Gestaltungsmöglichkeiten
Vieles spricht dafür, dass auch nach dieser Entscheidung Freiräume für eine Tätigkeit von privaten Entsorgungsunternehmen verbleiben. Solche bestehen beispielsweise im Rahmen einer Beauftragung durch den Hersteller oder Vertreiber nach § 20 ElektroG. Diese Einschätzung deckt sich auch mit der Begründung des Gesetzesentwurfes der Bundesregierung zum KrWG, die lediglich davon ausgeht, dass eine Sammlung durch nicht beauftragte Dritte weder erlaubt noch genehmigungsfähig sein soll. Im Umkehrschluss können Sammlungen durch beauftragte Dritter, wie private Entsorgungsunternehmen, zulässig sein. Außerdem können sich öffentlich-rechtliche Entsorgungsträger im Rahmen ihrer Verantwortung für die Einrichtung und den Betrieb von Sammelstellen für Altgeräte aus privaten Haushaltungen nach § 9 Abs. 2 bis 4 ElektroG eines privaten Entsorgungsunternehmens unter der Wahrung der vergaberechtlichen Vorschriften bedienen und diese beispielsweise bei der Errichtung eines Holsystems mit der Erfassung der Elektrogeräte bei privaten Haushaltungen oder beim Betrieb von Sammelstellen beauftragen.
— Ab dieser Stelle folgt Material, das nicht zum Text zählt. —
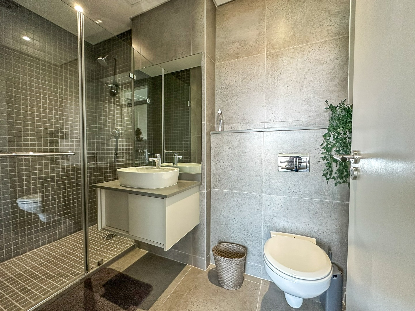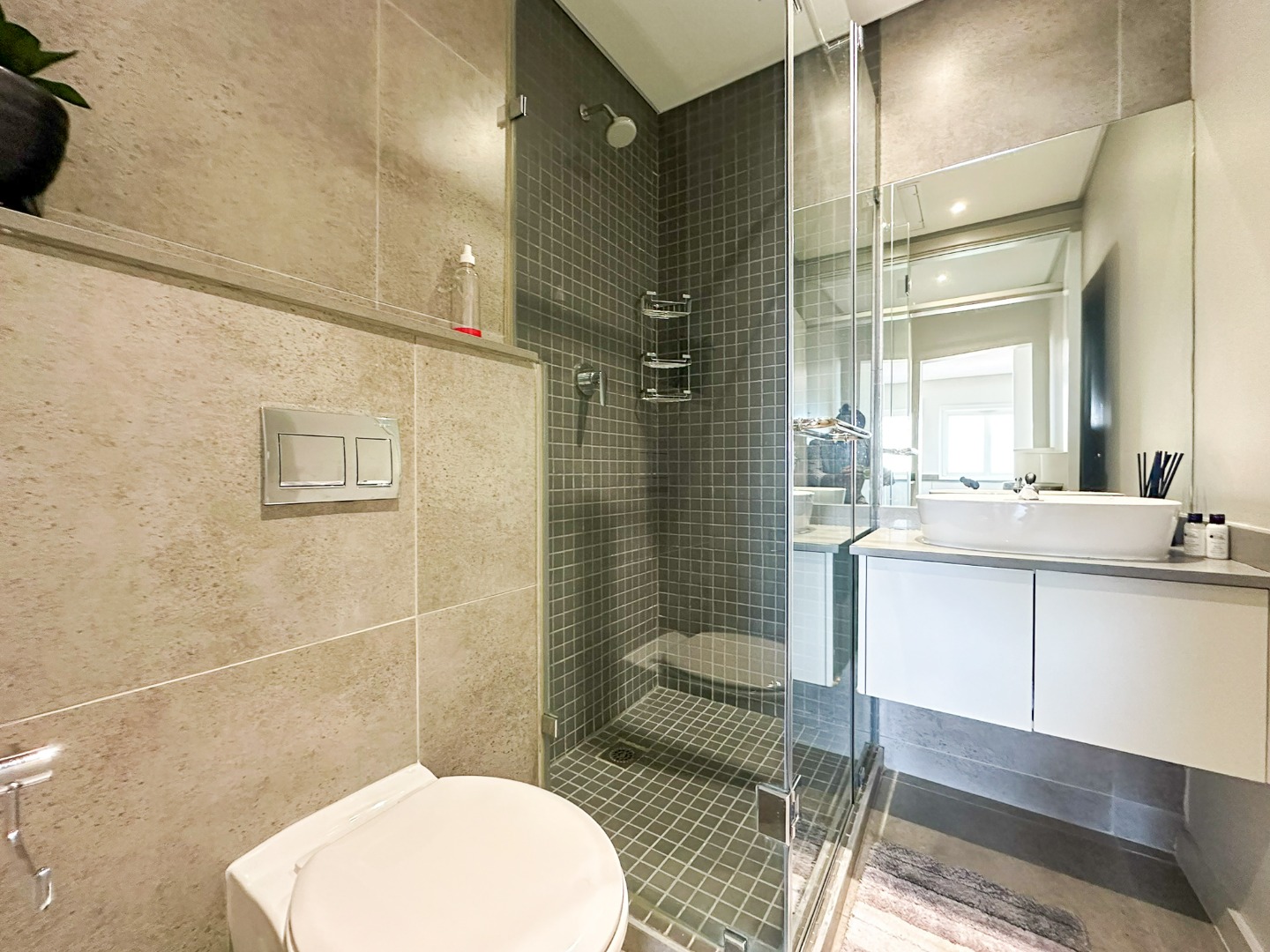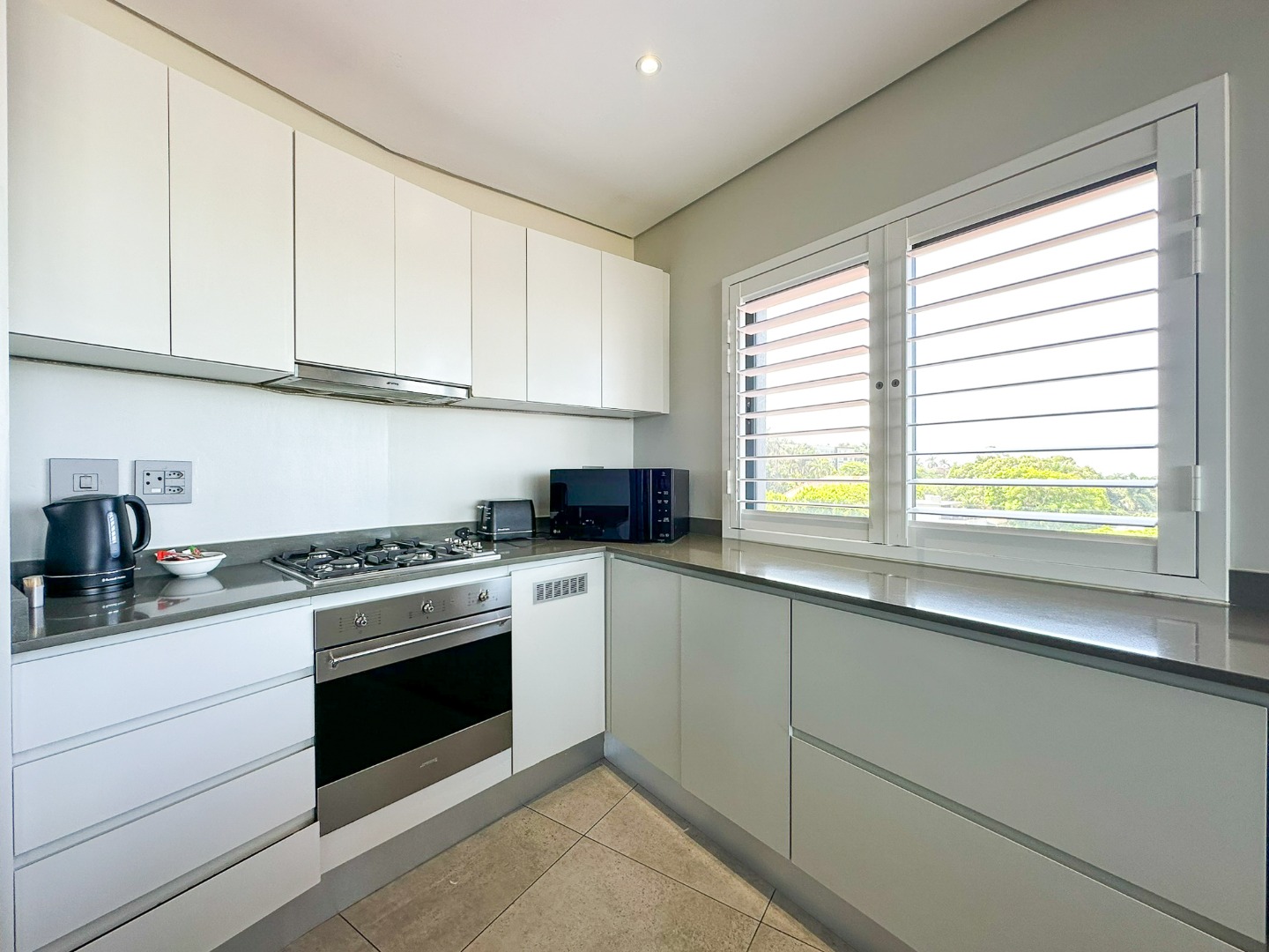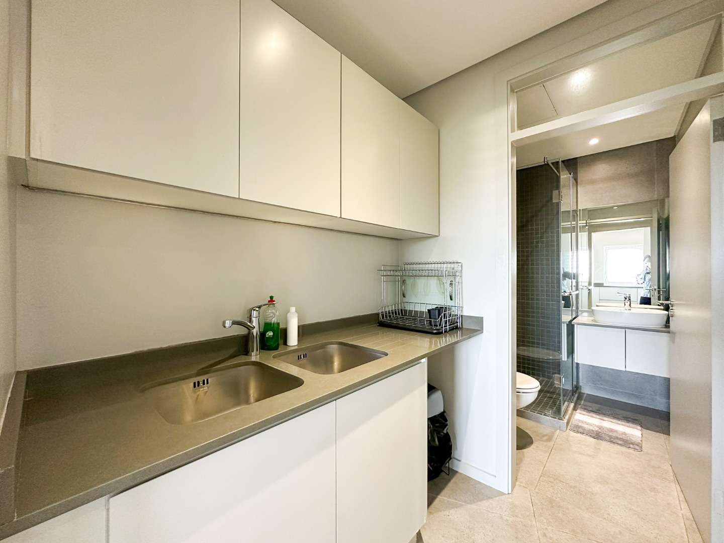 The scullery is plumbed for both a washing machine and dishwasher. There’s also a convenient guest loo with a shower, toilet, and basin. Two of the three bedrooms feature ensuite bathrooms and ample cupboard space, with the main bedroom opening onto the balcony. The third bedroom also includes built-in cupboards. The entire property is elegantly tiled throughout.

Nach § 10 Abs. 2 Satz 3 ElektroG ist zudem die Möglichkeit einer jederzeitigen Vereinbarung zwischen Hersteller und Nutzer für Altgeräte anderer Nutzer als privater Haushalte, die nach dem 13.08.2005 in Verkehr gebracht worden sind, gegeben. Sofern Hersteller und Nutzer vereinbaren sollten, dass keine Rücknahmepflichten der Hersteller für Altgeräte bestehen, bleibt es bei solchen Geräten bei der Grundregel des § 17 Abs. 1 Satz 2 KrWG. Danach unterliegen Abfälle zur Verwertung aus sonstigen Herkunftsbereichen (z. B. Gewerbe und Industrie) nicht der Überlassungspflicht an den öffentlich-rechtlichen Entsorgungsträger. Damit erscheint auch hier eine Rücknahme vom gewerblichen Nutzer durch ein Entsorgungsunternehmen möglich, ohne dass dieses durch Vertreiber, Hersteller oder öffentlich-rechtliche Entsorgungsträger beauftragt werden muss.
Auch für Geräte, die vor dem 13.08.2005 in Verkehr gebracht worden sind (sog. historische Altgeräte), obliegt die Entsorgungspflicht dem aktuellen Besitzer. Für diesen Bereich ist ebenfalls die Grundregel des § 17 Abs. 1 Satz 2 KrWG zu beachten. Damit erscheint auch in diesem Bereich eine Rücknahme vom aktuellen Besitzer durch ein Entsorgungsunternehmen ohne Beauftragung durch Vertreiber, Hersteller oder öffentlich-rechtliche Entsorgungsträger möglich.
Eine Rücknahme von Elektrogeräten aus privaten Haushalten durch private Entsorgungsunternehmen ist zudem denkbar, soweit keine Rückgabepflichten nach ElektroG oder Andienungs- bzw. Überlassungspflichten nach KrWG eingreifen sollten. Eine Einschränkung oder ein Ausschluss dieser Pflichten ist im Einzelfall, z. B. auf Grundlage einer kommunalen Satzungsbestimmung, denkbar.
Praktische Empfehlung
In der Praxis erscheint die Beauftragung privater Entsorgungsunternehmer durch Hersteller und Vertreiber mit der Erfassung von Elektroaltgeräten aus privaten Haushalten sowie gewerblichen/ industriellen Anfallstellen als einfachste gangbare Möglichkeit. Auch Vereinbarungen zwischen Herstellern und Nutzern sind möglich, allerdings sind solche mit weitaus höherem Aufwand, vor allem hinsichtlich der Dokumentation, verbunden.